Pios da Mata, patrimônio do Espírito Santo

Redação O Estado do Paraná Publicação 11/01/2005 - 01h45 Atualizado 19/01/2013 - 20h49

O som cadenciado do inhambu-açu. O arrulho suave do juriti, do jacu, do curiango. O som ligeiramente rouco da zabelê. O piado agudo do bem-te-vi, como se recitasse seu próprio nome. O sussurro da coruja. O chilreado do tucano. O grasnado alternadamente suave e forte do jacu-açu e do jacu-pemba. O chororocado do macuco. Tantos sons, e tão diferentes entre si - como são diferentes as plumagens, as cores e as combinações entre elas, os formatos de corpo, os hábitos e os jeitos de ser das aves que os emitem.

Se, em tempos de progressivo afastamento do ambiente natural, é difícil para a maioria de nós embrenhar-se nas matas para ouvi-los, ao menos podemos trazer esses sons para perto de nós. É um artefato feito pelo homem que nos propicia esse re-encontro com a natureza: os pios, instrumentos que, ao serem soprados, imitam os sons de aves.

Há exatos 101 anos uma pequena fábrica em Cachoeiro do Itapemirim, no interior do Espírito Santo, se dedica a esse paciente labor. Ali, mãos hábeis esculpem com preciosismo a madeira para aos poucos extrair dela o exato tom, em 36 modelos que permitem reproduzir o som de mais de uma centena de animais.

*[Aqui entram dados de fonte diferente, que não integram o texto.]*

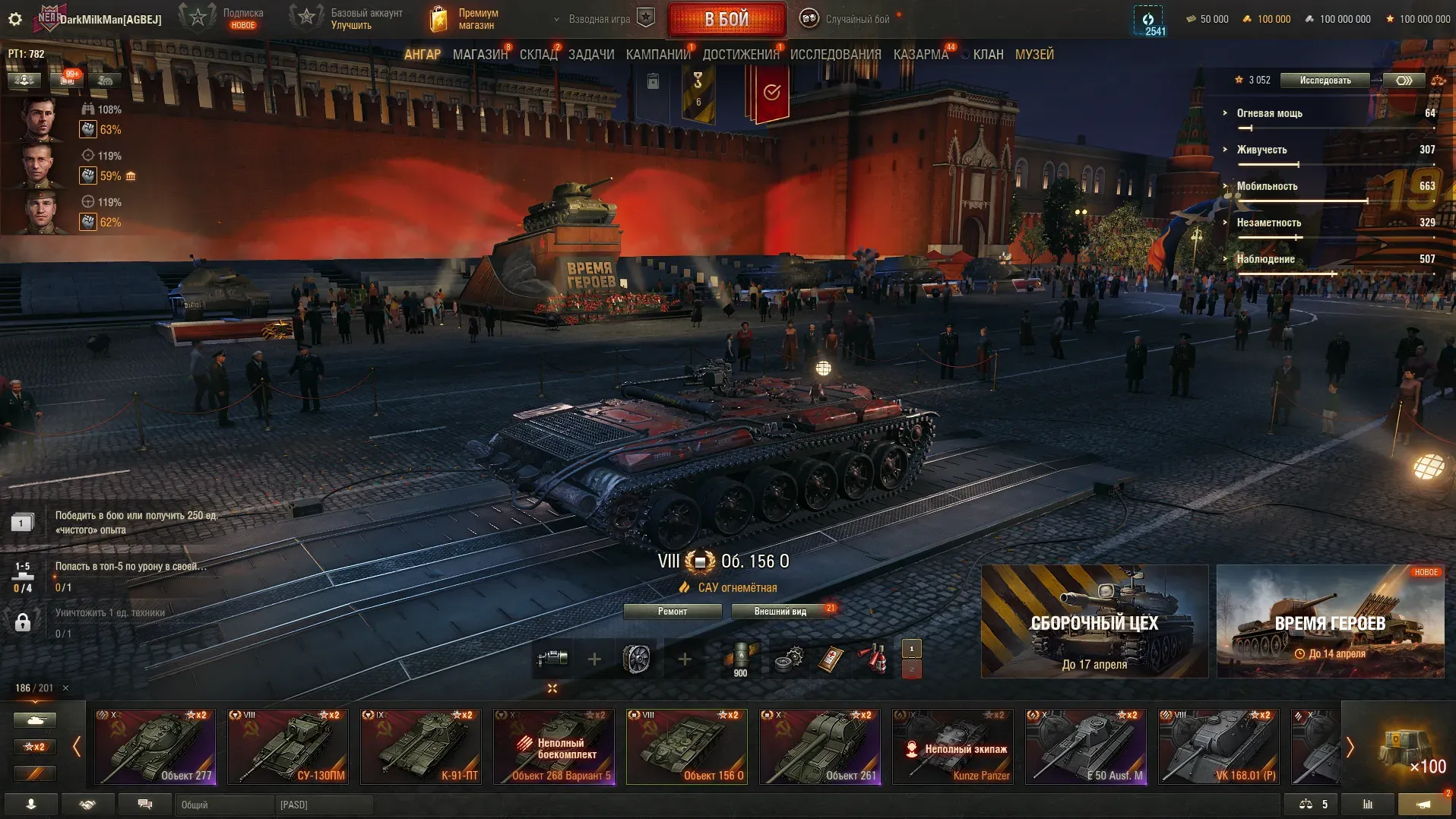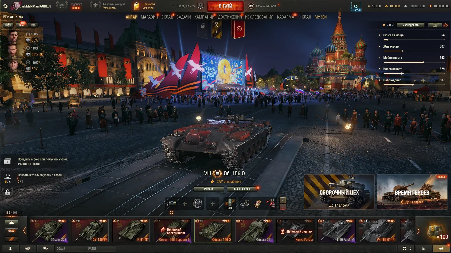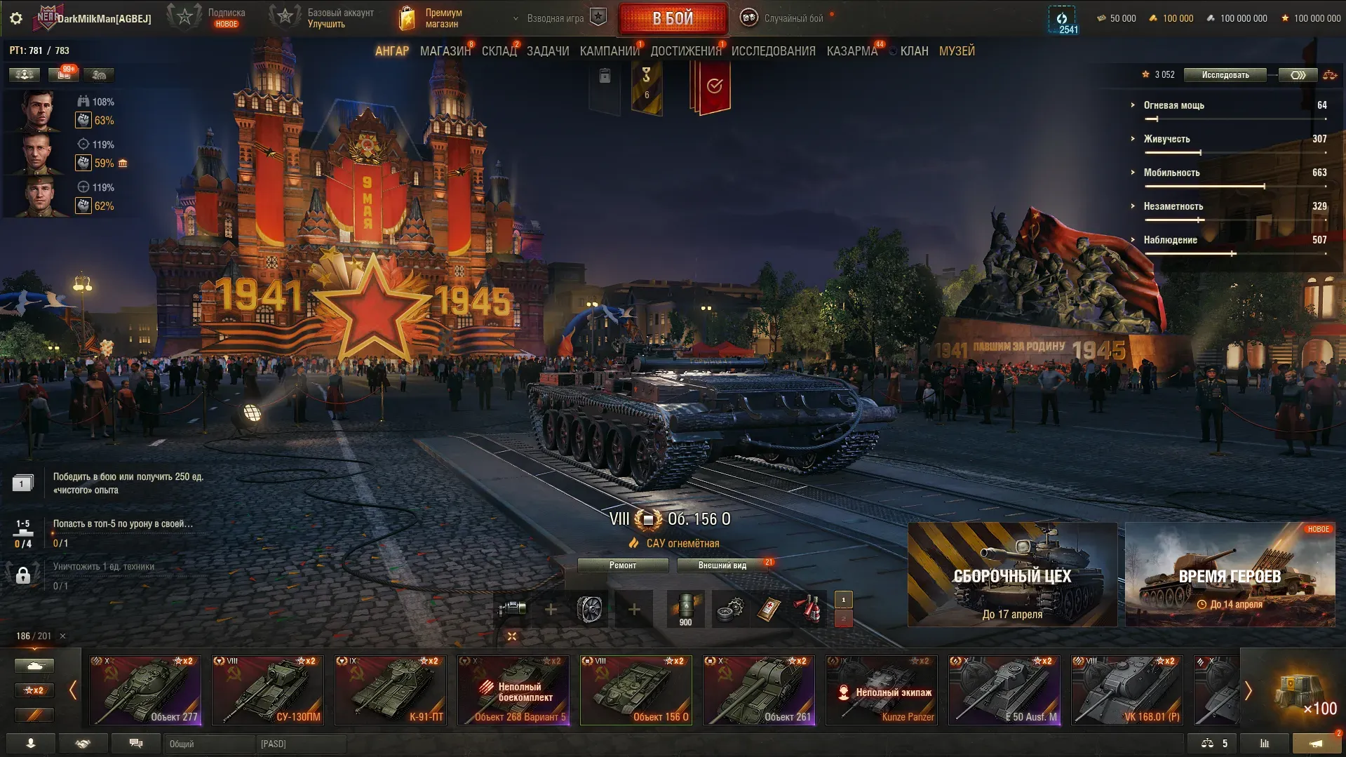 На тесте обновления 1.42 игроков встречает обновлённый ангар для празднования 9 мая, выполненный в виде Красной площади.

A fábrica sobrevive hoje quase intacta, no mesmo lugar onde foi criada em 1903 por Maurílio Coelho, um capixaba nascido em 1868 na fazenda da Saudade, em Muqui, que desde cedo revela pendores criativos. Ao se casar, muda-se para Alegre, onde contraria o destino de fazendeiros, tradicional em sua família, e abre uma marcenaria. O gosto pelas engenhocas e a fama de inventor rendem em 1902 o convite para ir morar na ilha da Boa Esperança, em Cachoeiro do Itapemirim, naquele momento a maior cidade do Espírito Santo, e que então se preparava para ser a primeira cidade do Estado e a décima do país a ter energia elétrica.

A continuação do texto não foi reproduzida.